# Problem to solve:
Exclude the pictures and transcribe the rest of the data below exactly.

[[ Dataset, beginning ]]

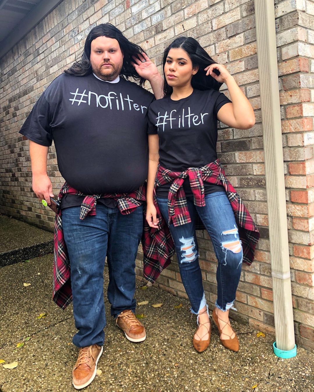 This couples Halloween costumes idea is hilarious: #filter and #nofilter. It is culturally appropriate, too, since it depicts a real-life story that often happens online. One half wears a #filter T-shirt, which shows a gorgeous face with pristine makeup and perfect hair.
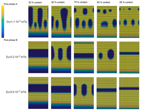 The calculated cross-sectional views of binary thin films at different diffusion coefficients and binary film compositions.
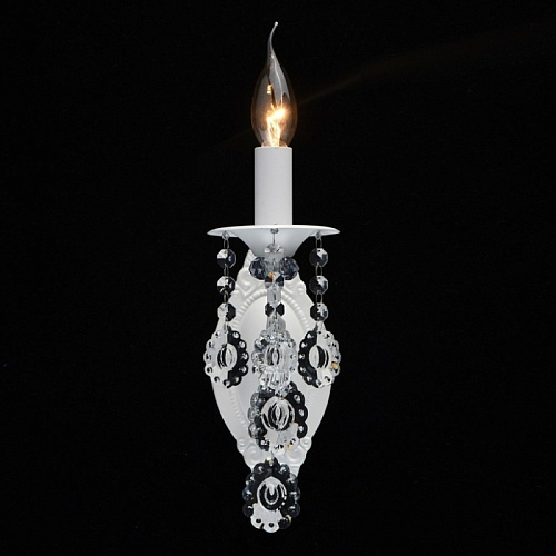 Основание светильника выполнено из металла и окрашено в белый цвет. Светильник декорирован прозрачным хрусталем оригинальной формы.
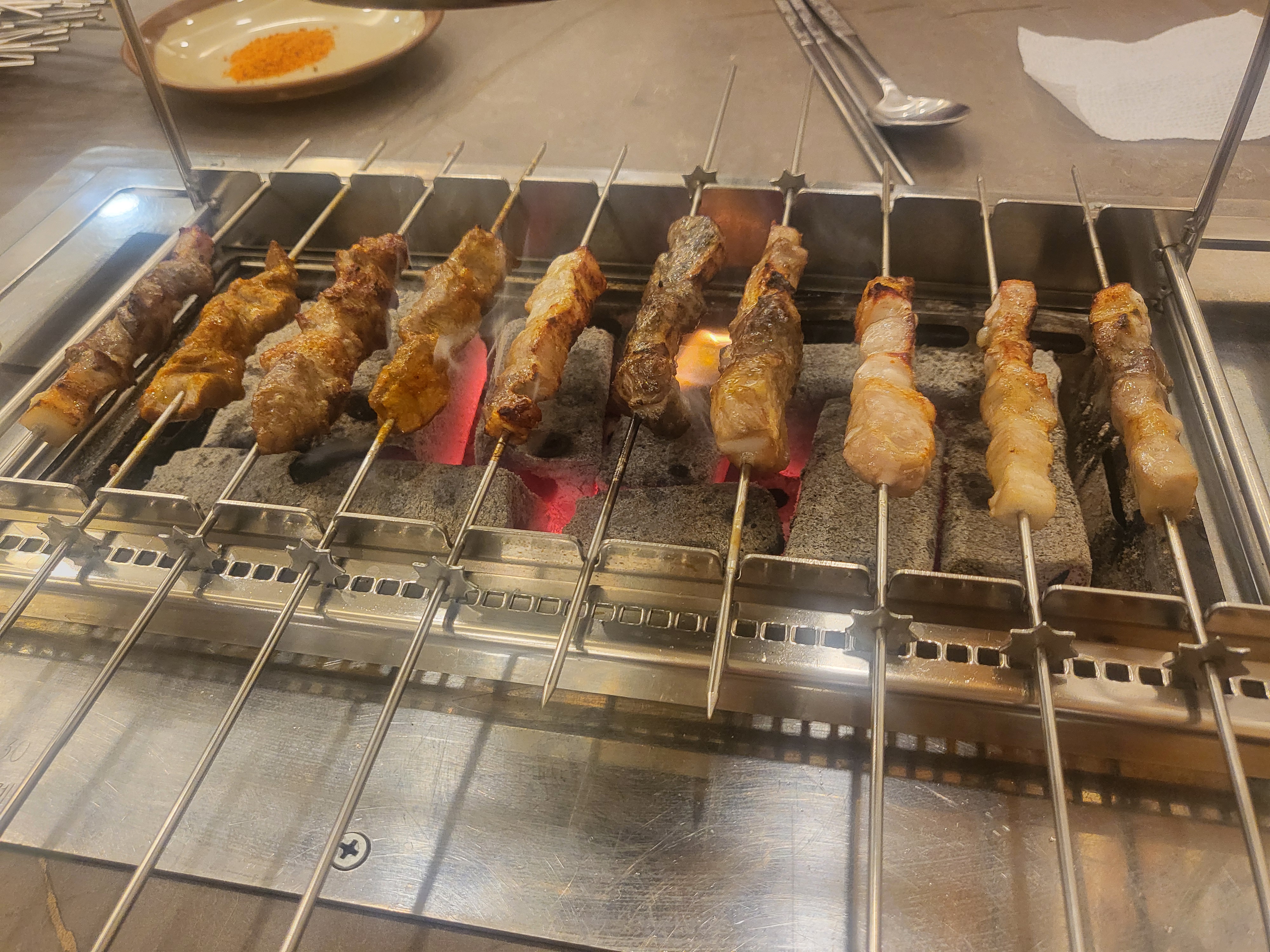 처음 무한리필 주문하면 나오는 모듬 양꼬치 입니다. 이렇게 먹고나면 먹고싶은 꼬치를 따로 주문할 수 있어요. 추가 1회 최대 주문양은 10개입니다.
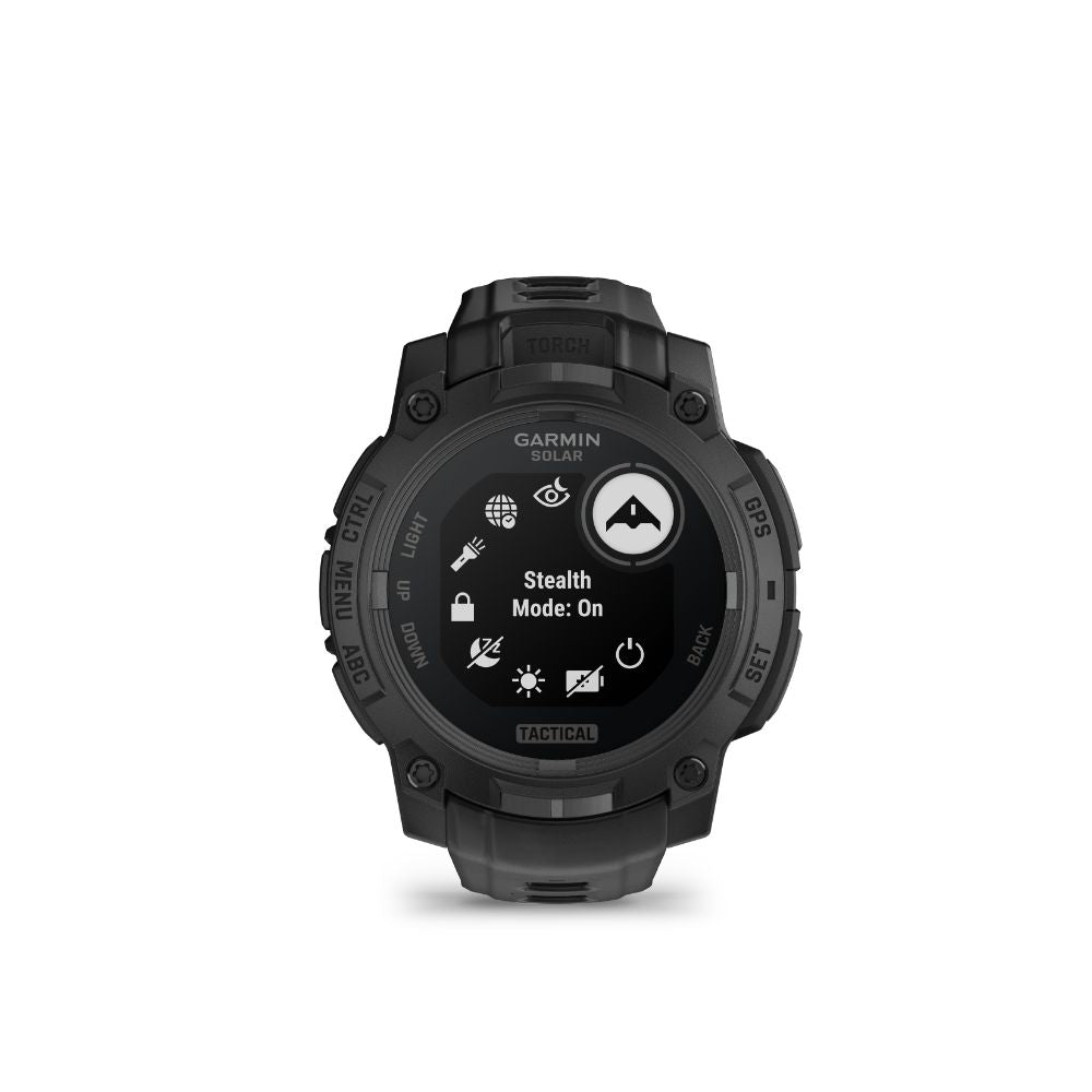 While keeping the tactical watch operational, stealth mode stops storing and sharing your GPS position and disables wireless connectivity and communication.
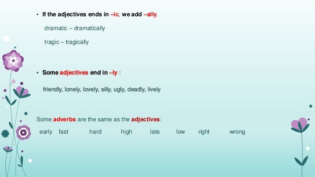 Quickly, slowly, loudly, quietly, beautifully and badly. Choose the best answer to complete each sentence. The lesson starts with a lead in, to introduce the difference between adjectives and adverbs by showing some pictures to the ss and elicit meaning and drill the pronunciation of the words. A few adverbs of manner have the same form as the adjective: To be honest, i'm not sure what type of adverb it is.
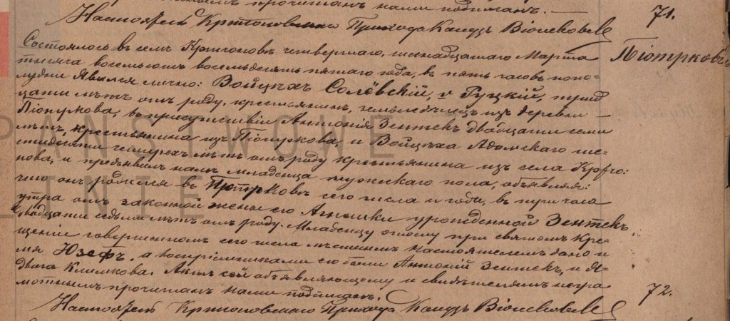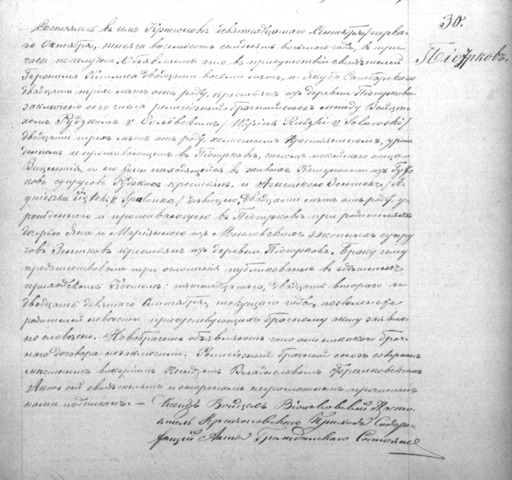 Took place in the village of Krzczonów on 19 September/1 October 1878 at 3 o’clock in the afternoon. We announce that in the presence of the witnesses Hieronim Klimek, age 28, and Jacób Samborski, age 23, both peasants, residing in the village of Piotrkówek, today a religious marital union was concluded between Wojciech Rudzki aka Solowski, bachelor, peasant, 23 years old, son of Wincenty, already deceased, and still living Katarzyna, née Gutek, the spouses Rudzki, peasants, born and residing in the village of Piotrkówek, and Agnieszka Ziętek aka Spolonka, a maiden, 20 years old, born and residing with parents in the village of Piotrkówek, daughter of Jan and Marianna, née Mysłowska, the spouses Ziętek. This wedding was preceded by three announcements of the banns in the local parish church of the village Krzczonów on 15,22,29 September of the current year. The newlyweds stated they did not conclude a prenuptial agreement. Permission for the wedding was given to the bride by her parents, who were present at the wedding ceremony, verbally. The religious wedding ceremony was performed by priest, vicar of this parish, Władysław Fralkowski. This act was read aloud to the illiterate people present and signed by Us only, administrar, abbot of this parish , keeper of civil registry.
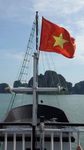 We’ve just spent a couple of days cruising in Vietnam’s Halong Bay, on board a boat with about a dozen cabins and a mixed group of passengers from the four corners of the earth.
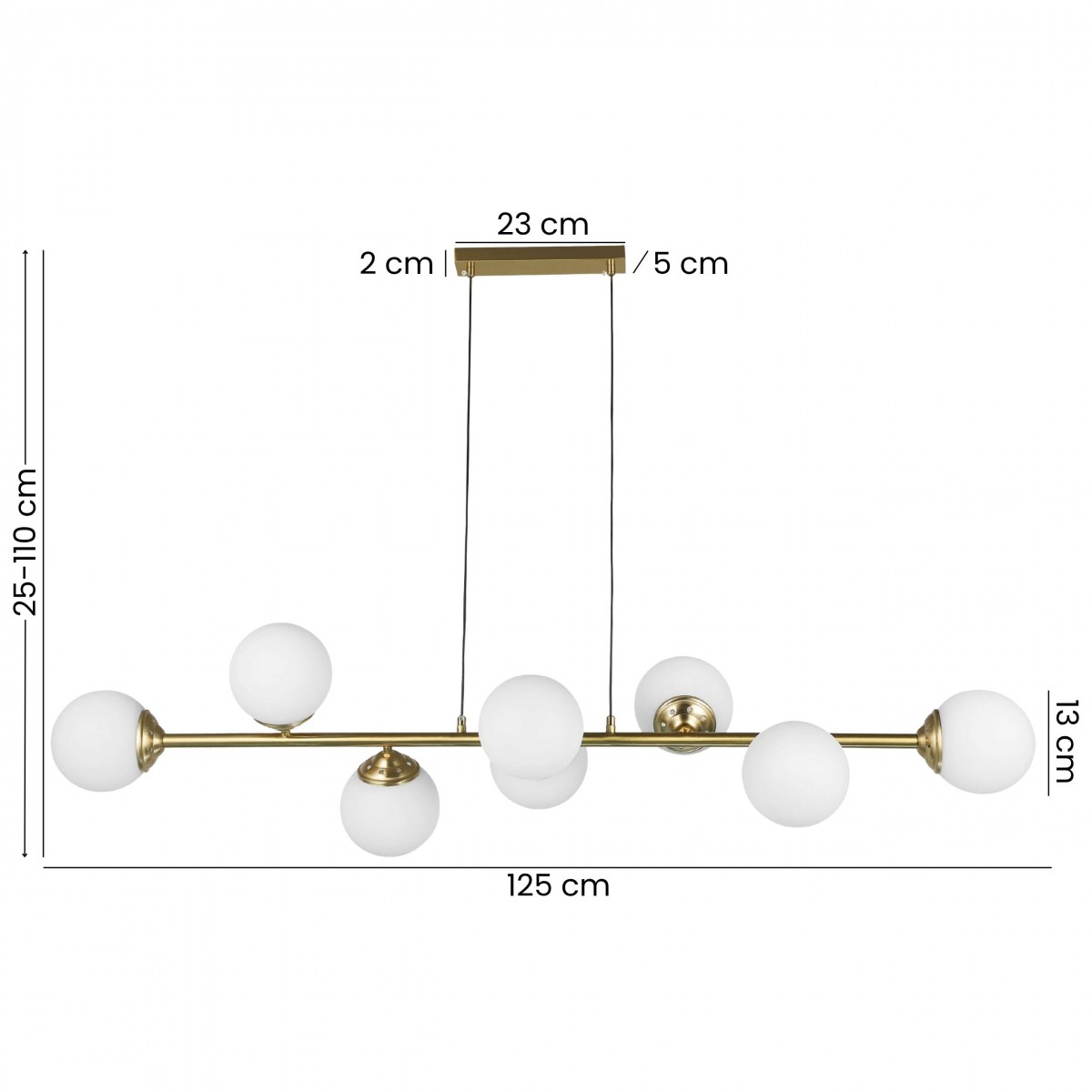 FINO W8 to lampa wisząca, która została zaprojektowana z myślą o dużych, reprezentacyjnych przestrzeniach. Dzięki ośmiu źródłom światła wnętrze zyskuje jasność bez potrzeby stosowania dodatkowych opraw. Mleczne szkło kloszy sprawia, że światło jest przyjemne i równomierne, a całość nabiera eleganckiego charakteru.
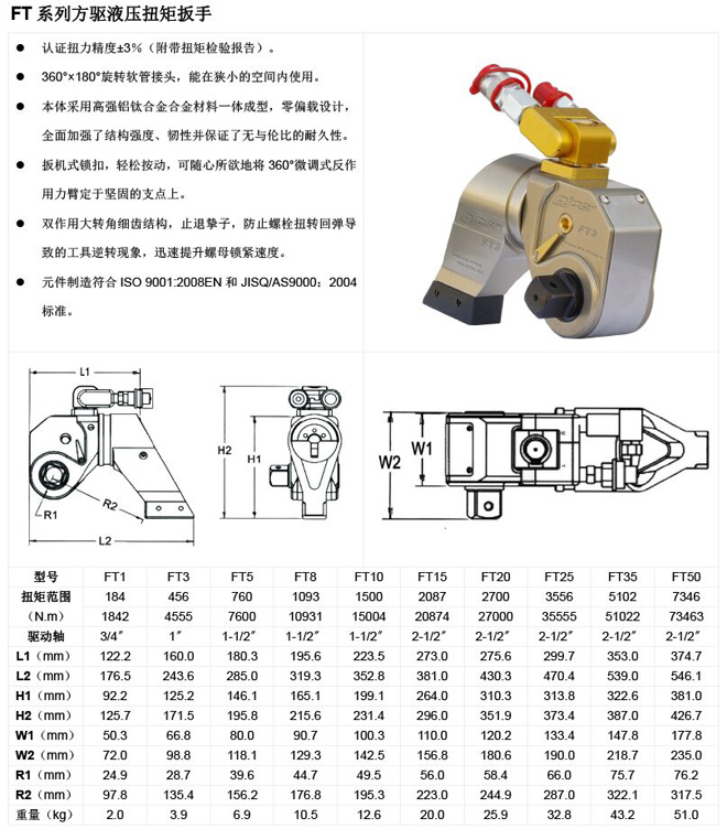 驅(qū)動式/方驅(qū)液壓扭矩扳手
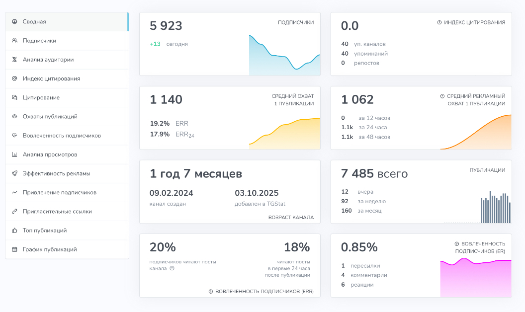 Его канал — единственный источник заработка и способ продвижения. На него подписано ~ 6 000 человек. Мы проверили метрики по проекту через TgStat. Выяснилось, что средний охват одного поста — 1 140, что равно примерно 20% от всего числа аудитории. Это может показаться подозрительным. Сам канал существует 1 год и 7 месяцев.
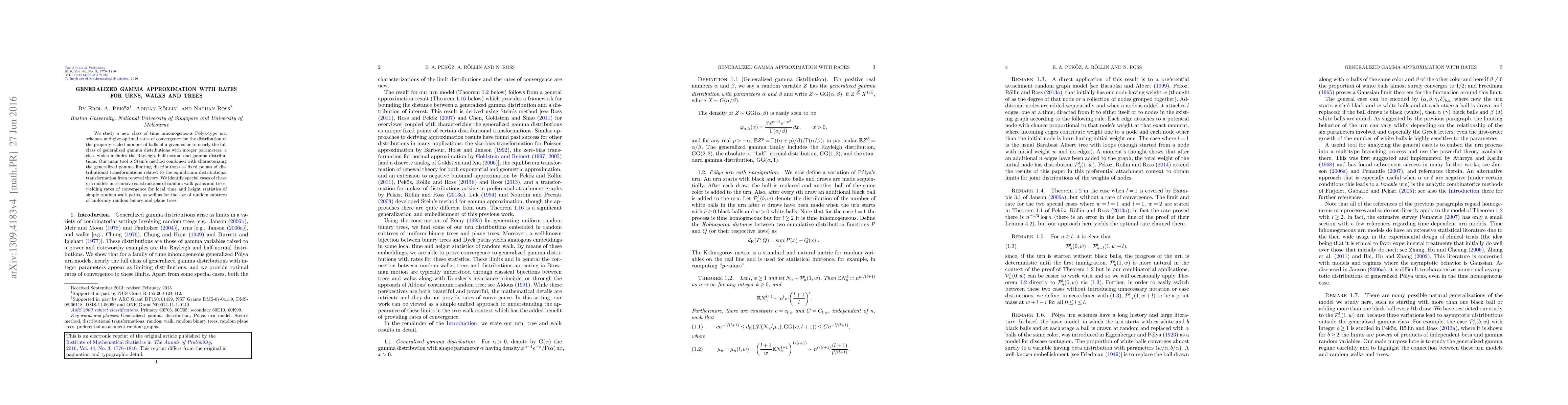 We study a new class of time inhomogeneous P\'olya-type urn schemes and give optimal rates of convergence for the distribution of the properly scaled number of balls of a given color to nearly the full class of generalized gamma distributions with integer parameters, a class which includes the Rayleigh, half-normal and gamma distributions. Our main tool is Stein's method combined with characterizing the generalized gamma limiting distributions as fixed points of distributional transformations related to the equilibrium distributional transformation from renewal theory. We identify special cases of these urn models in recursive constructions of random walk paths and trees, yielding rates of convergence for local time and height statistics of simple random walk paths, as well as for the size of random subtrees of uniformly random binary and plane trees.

[[ Dataset, end ]]

# Exercise answer:
 This couples Halloween costumes idea is hilarious: #filter and #nofilter. It is culturally appropriate, too, since it depicts a real-life story that often happens online. One half wears a #filter T-shirt, which shows a gorgeous face with pristine makeup and perfect hair.
 The calculated cross-sectional views of binary thin films at different diffusion coefficients and binary film compositions.
 Основание светильника выполнено из металла и окрашено в белый цвет. Светильник декорирован прозрачным хрусталем оригинальной формы.
 처음 무한리필 주문하면 나오는 모듬 양꼬치 입니다. 이렇게 먹고나면 먹고싶은 꼬치를 따로 주문할 수 있어요. 추가 1회 최대 주문양은 10개입니다.
 While keeping the tactical watch operational, stealth mode stops storing and sharing your GPS position and disables wireless connectivity and communication.
 Quickly, slowly, loudly, quietly, beautifully and badly. Choose the best answer to complete each sentence. The lesson starts with a lead in, to introduce the difference between adjectives and adverbs by showing some pictures to the ss and elicit meaning and drill the pronunciation of the words. A few adverbs of manner have the same form as the adjective: To be honest, i'm not sure what type of adverb it is.
 Took place in the village of Krzczonów on 19 September/1 October 1878 at 3 o’clock in the afternoon. We announce that in the presence of the witnesses Hieronim Klimek, age 28, and Jacób Samborski, age 23, both peasants, residing in the village of Piotrkówek, today a religious marital union was concluded between Wojciech Rudzki aka Solowski, bachelor, peasant, 23 years old, son of Wincenty, already deceased, and still living Katarzyna, née Gutek, the spouses Rudzki, peasants, born and residing in the village of Piotrkówek, and Agnieszka Ziętek aka Spolonka, a maiden, 20 years old, born and residing with parents in the village of Piotrkówek, daughter of Jan and Marianna, née Mysłowska, the spouses Ziętek. This wedding was preceded by three announcements of the banns in the local parish church of the village Krzczonów on 15,22,29 September of the current year. The newlyweds stated they did not conclude a prenuptial agreement. Permission for the wedding was given to the bride by her parents, who were present at the wedding ceremony, verbally. The religious wedding ceremony was performed by priest, vicar of this parish, Władysław Fralkowski. This act was read aloud to the illiterate people present and signed by Us only, administrar, abbot of this parish , keeper of civil registry.
 We’ve just spent a couple of days cruising in Vietnam’s Halong Bay, on board a boat with about a dozen cabins and a mixed group of passengers from the four corners of the earth.
 FINO W8 to lampa wisząca, która została zaprojektowana z myślą o dużych, reprezentacyjnych przestrzeniach. Dzięki ośmiu źródłom światła wnętrze zyskuje jasność bez potrzeby stosowania dodatkowych opraw. Mleczne szkło kloszy sprawia, że światło jest przyjemne i równomierne, a całość nabiera eleganckiego charakteru.
 驅(qū)動式/方驅(qū)液壓扭矩扳手
 Его канал — единственный источник заработка и способ продвижения. На него подписано ~ 6 000 человек. Мы проверили метрики по проекту через TgStat. Выяснилось, что средний охват одного поста — 1 140, что равно примерно 20% от всего числа аудитории. Это может показаться подозрительным. Сам канал существует 1 год и 7 месяцев.
 We study a new class of time inhomogeneous P\'olya-type urn schemes and give optimal rates of convergence for the distribution of the properly scaled number of balls of a given color to nearly the full class of generalized gamma distributions with integer parameters, a class which includes the Rayleigh, half-normal and gamma distributions. Our main tool is Stein's method combined with characterizing the generalized gamma limiting distributions as fixed points of distributional transformations related to the equilibrium distributional transformation from renewal theory. We identify special cases of these urn models in recursive constructions of random walk paths and trees, yielding rates of convergence for local time and height statistics of simple random walk paths, as well as for the size of random subtrees of uniformly random binary and plane trees.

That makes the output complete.